The tiering can be done as a SQL UPDATE adding a `tier` column, or computed at export time.

## Phase 3: Data Export Pipeline

Export from Supabase + R2 into training-ready format. Two main options:

**Option A: HuggingFace Dataset format** (recommended for sharing/reproducibility)

- Parquet files with columns: audio_path, text, language, speaker_id, duration_s, quality_tier, emotion, pace
- Audio files organized by language/video_id
- Per-language train/val/test splits (e.g., 95/2.5/2.5)
- Push to HuggingFace Hub for easy loading

**Option B: WebDataset format** (recommended for large-scale training)

- `.tar` shards with paired `.flac` + `.json` per segment
- Streaming-friendly, no need to download entire dataset
- Works well with PyTorch DataLoader

For either option, the export pipeline:

1. Query Supabase for all segments in target tier(s), grouped by language
2. For each video, download the `_transcribed.tar` from R2 (already contains polished audio + per-segment JSONs)
3. Re-package into the target format with proper splits
4. For long-context: recombine splits by grouping on original filename, concatenate audio + text in order

This is another distributed workload (507K tars to download and repackage), but much lighter than transcription -- pure IO, no API calls.

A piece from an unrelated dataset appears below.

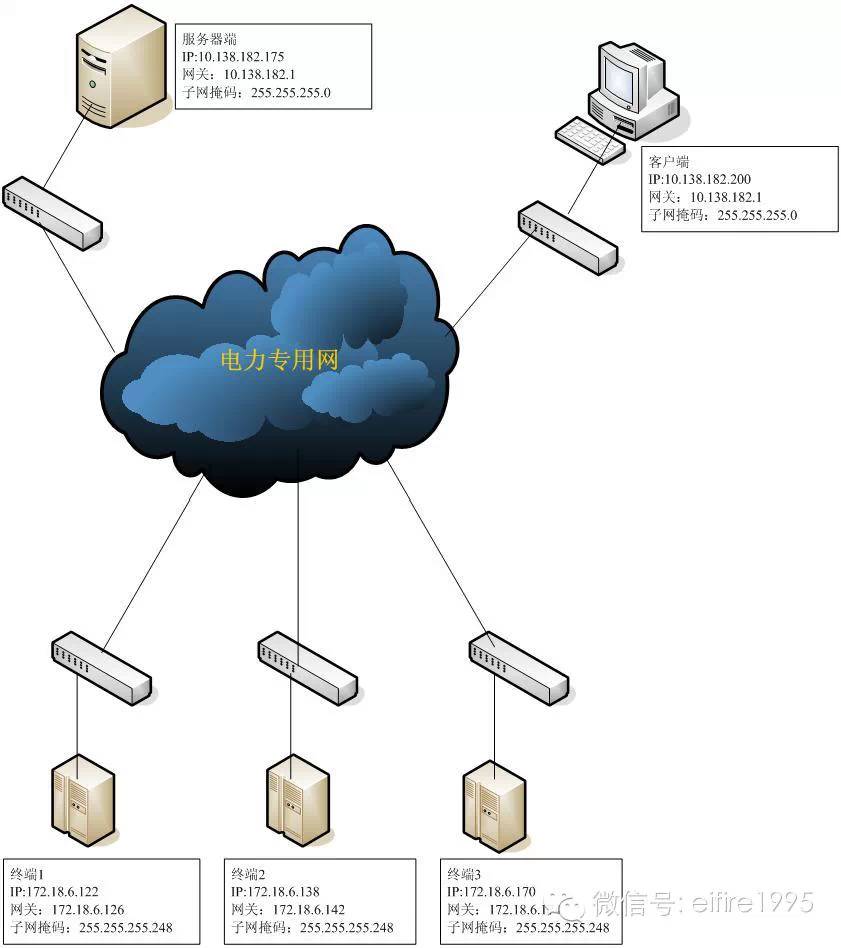 到達現(xiàn)場后,供電公司給出了如下圖所示的三個終端網(wǎng)絡參數(shù)、一個服務器端網(wǎng)絡參數(shù)、一個客戶端網(wǎng)絡參數(shù)(具體網(wǎng)絡結(jié)構(gòu)尚不清楚,初步簡化為下圖)。

## Phase 4: Training Setup

Once data is exported:

- **ASR**: Fine-tune Whisper or IndicConformer on Tier B+C data (~60-70M segments). Standard CTC/attention training.
- **TTS**: Fine-tune VITS/XTTS/StyleTTS2 on Tier A+B data per language. Requires speaker clustering first (group segments by speaker embedding similarity for multi-speaker models).
- **Long-context TTS**: Use recombined segments (original pre-split audio from R2 input bucket + concatenated transcriptions) for models that support >15s context.

## Recommended Execution Order

Start with Phase 1 (pure analysis, no code changes, a few hours of SQL work) to understand the real data quality before committing to export format or training approach. The lang mismatch investigation alone could change the TTS yield from 20% to 60-80%.